(DATA TO EXAMINE)
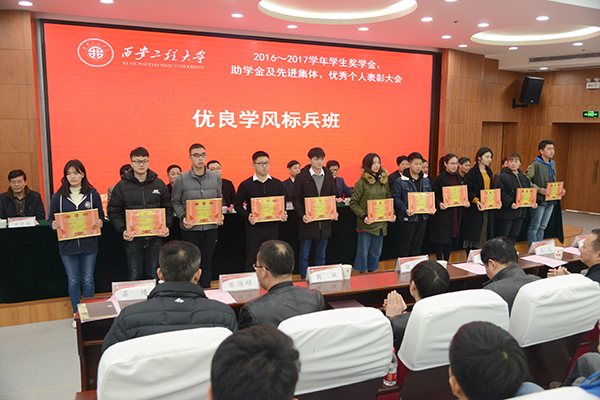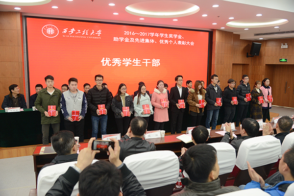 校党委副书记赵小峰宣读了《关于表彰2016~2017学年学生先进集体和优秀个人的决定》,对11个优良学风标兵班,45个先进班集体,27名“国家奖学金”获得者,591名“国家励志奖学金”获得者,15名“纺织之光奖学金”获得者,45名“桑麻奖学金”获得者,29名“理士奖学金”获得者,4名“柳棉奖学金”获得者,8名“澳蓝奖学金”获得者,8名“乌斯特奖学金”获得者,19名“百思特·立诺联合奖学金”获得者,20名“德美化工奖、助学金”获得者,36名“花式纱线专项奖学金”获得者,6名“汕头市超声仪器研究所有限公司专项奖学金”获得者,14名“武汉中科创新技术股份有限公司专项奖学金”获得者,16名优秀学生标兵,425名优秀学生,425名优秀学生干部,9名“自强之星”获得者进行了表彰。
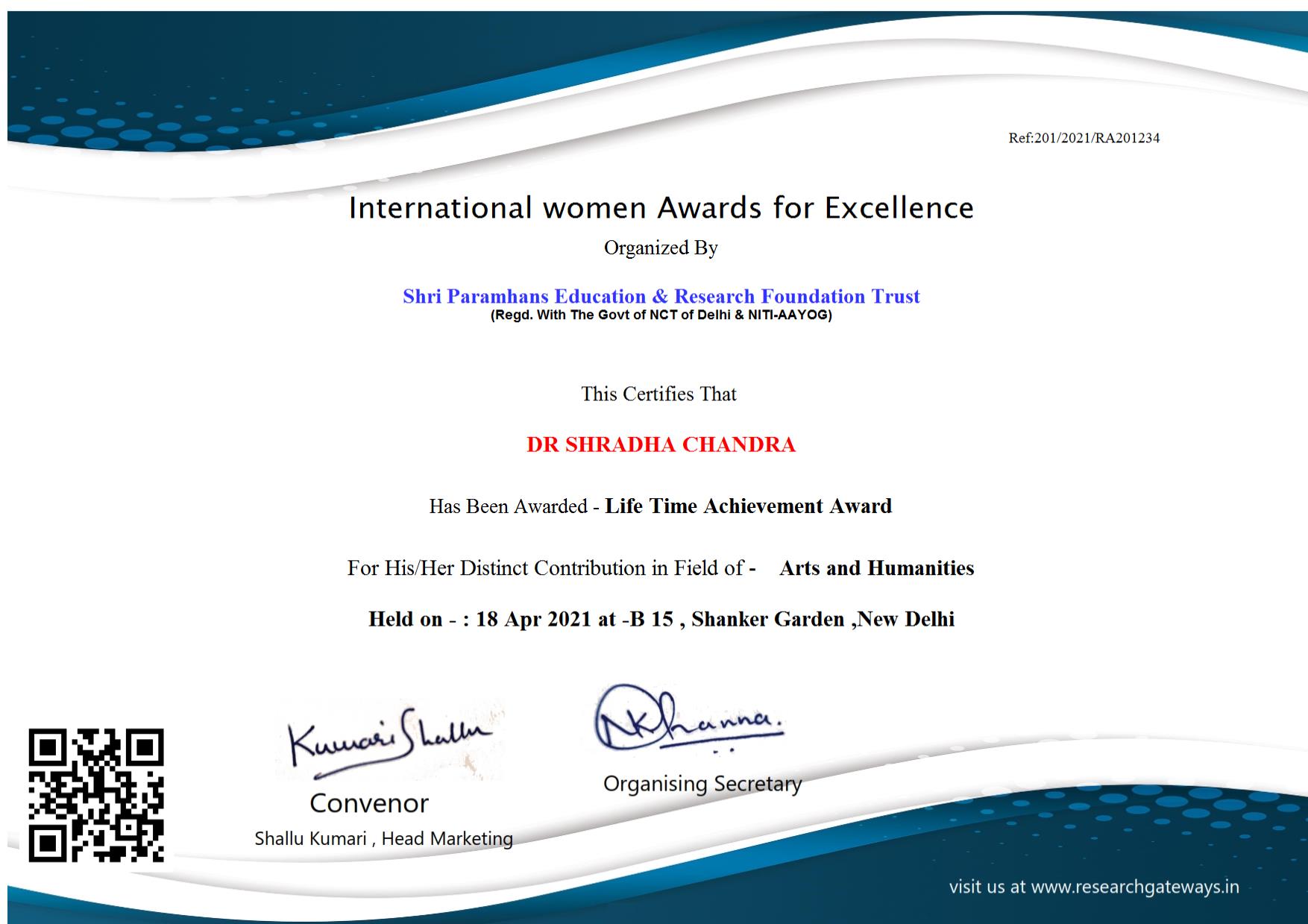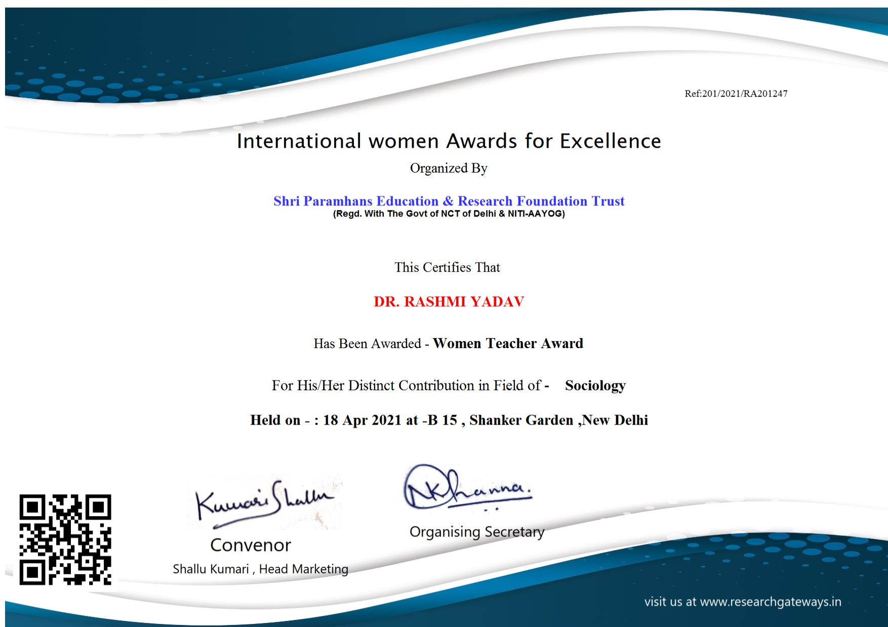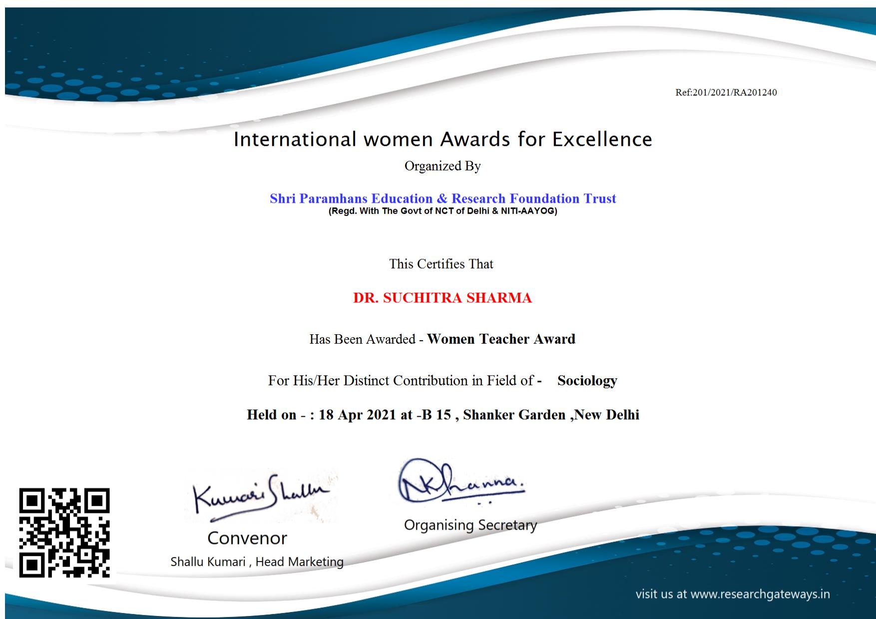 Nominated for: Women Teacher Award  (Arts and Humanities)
(End DATA TO EXAMINE)
(DATA TO EXAMINE)
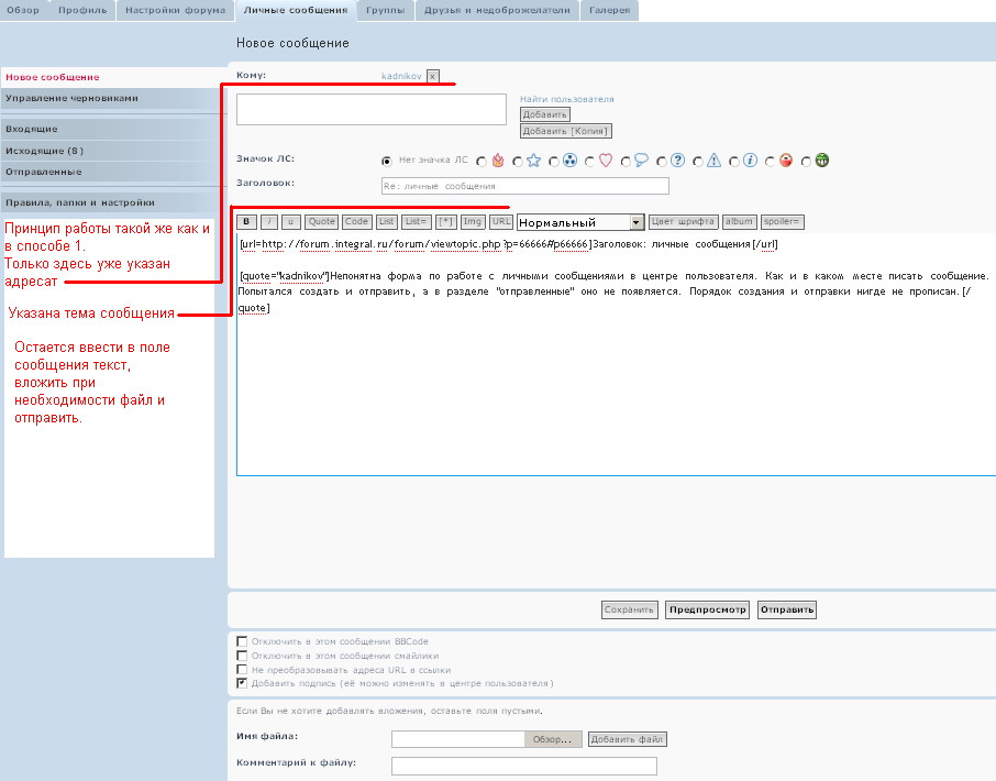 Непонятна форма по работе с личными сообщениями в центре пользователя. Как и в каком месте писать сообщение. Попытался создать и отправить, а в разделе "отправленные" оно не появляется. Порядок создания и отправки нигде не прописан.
(End DATA TO EXAMINE)
▸ TASK ITEM
The answer should consist only of the lines above from the one with "校党委副书记赵小峰宣读了《关" through the one with "Nominated for: Women", repeated exactly, with no pictures among them.

▸ TASK OUTPUT
 校党委副书记赵小峰宣读了《关于表彰2016~2017学年学生先进集体和优秀个人的决定》,对11个优良学风标兵班,45个先进班集体,27名“国家奖学金”获得者,591名“国家励志奖学金”获得者,15名“纺织之光奖学金”获得者,45名“桑麻奖学金”获得者,29名“理士奖学金”获得者,4名“柳棉奖学金”获得者,8名“澳蓝奖学金”获得者,8名“乌斯特奖学金”获得者,19名“百思特·立诺联合奖学金”获得者,20名“德美化工奖、助学金”获得者,36名“花式纱线专项奖学金”获得者,6名“汕头市超声仪器研究所有限公司专项奖学金”获得者,14名“武汉中科创新技术股份有限公司专项奖学金”获得者,16名优秀学生标兵,425名优秀学生,425名优秀学生干部,9名“自强之星”获得者进行了表彰。
 Nominated for: Women Teacher Award  (Arts and Humanities)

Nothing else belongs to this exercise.